Jan 7, 2013 19:11 GMT  ·  By

While the French government did manage to get the ISP Free to unblock web ads, don't take this as the French suddenly waking up to the 21 century. Instead, they believe Free's publicity stunt at the expense of their subscribers, is great start on the "debate" over who should be paying for internet.

Any sane person shouldn't have difficulties in answering that question, it doesn't even make much sense to ask it since this isn't some theoretical notion, people are already paying for internet and, from the looks of it, there's nothing wrong with the system.

Well, nothing wrong apart from the fact that telcos and ISPs would like to make even more money than they are now.

What better way to do that than to sell the same thing, i.e. bandwidth, twice, once to their subscribers and second to the websites and services those subscribers use, the reason why they pay the ISPs in the first place.

Telcos have been suffering an identity crisis of sorts in recent years. They've been accustomed to high margins and little competition for decades, but they've more recently started being jealous of the type of profits internet companies are seeing.

And, the way they figure it, if these internet companies use their pipes to make money, they should pay.

For example, plenty of ISPs and especially mobile carriers have complained that YouTube eats up a lot of bandwidth and that Google should pay them for the traffic. The same is true for Netflix in the States.

Which, on the face of it, sounds somewhat reasonable, why should the carriers spend all the money on investing in infrastructure, while Google gets to benefit and make money off of YouTube and the likes?

But that only lasts for about half a second, until you realize that ISPs are getting paid for the bandwidth Google uses, by their subscribers.

That is why people pay for internet connections after all, to get the content they want. Imagine a bookstore selling you a book and then asking the author to pay as well.

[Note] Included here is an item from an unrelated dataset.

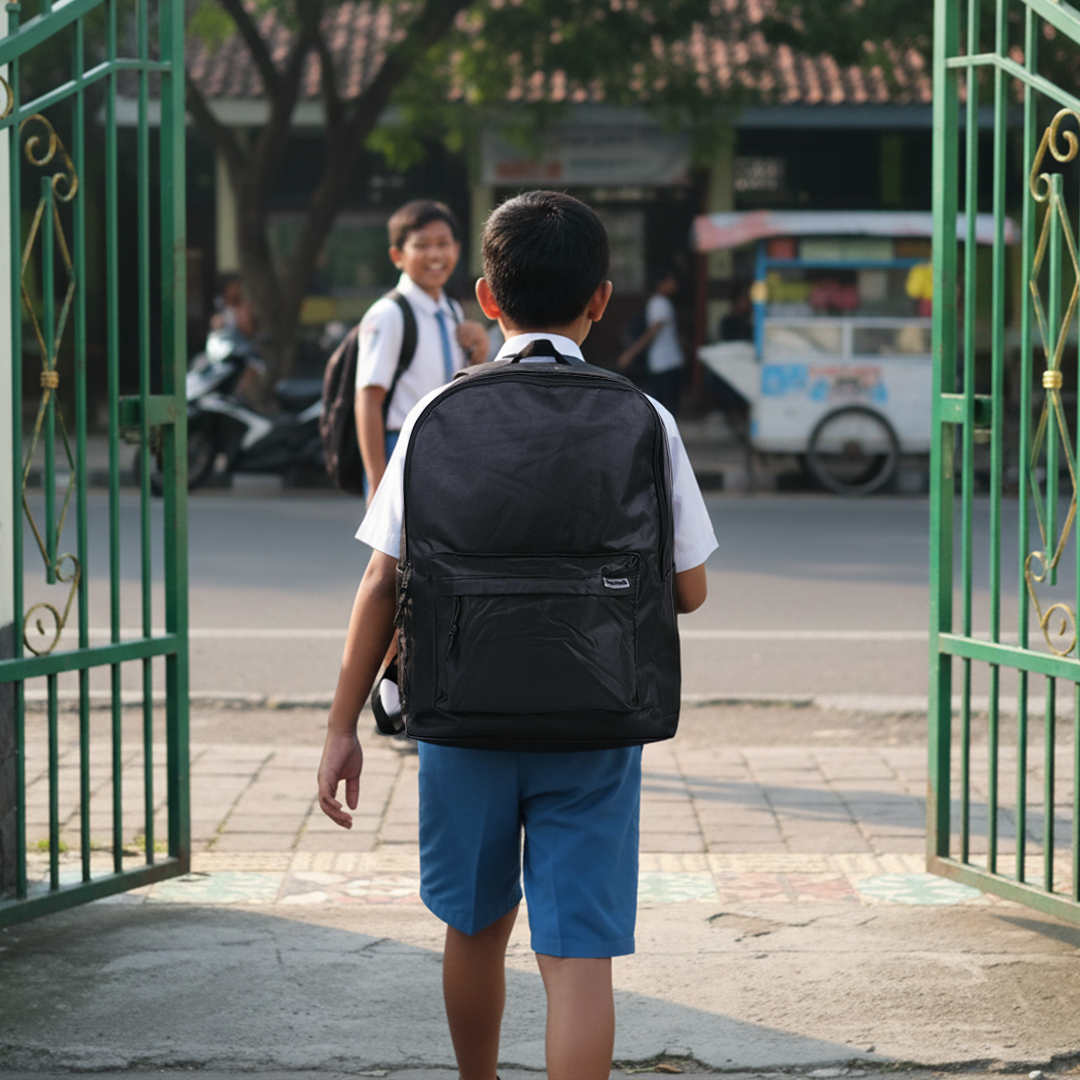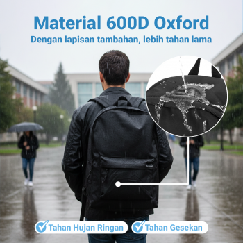 | Material Tangguh Tahan Lama Material 600D Oxford tidak hanya kuat menahan beban buku dan perlengkapan sekolah, tetapi juga tahan terhadap percikan air dan mudah dibersihkan. |

Not only that, Google pays for the bandwidth it uses as well, quite obviously. In fact, Google's costs with YouTube are so large that the site may still not be profitable, years after it acquired it.

ISPs are afraid of becoming simply "dumb pipes," but once again their concerns seem to be lagging behind reality since they are in fact dumb pipes.

If they want a piece of the money web companies are making, there is a very simple solution, compete with them. But then, it wouldn't be "free money" anymore.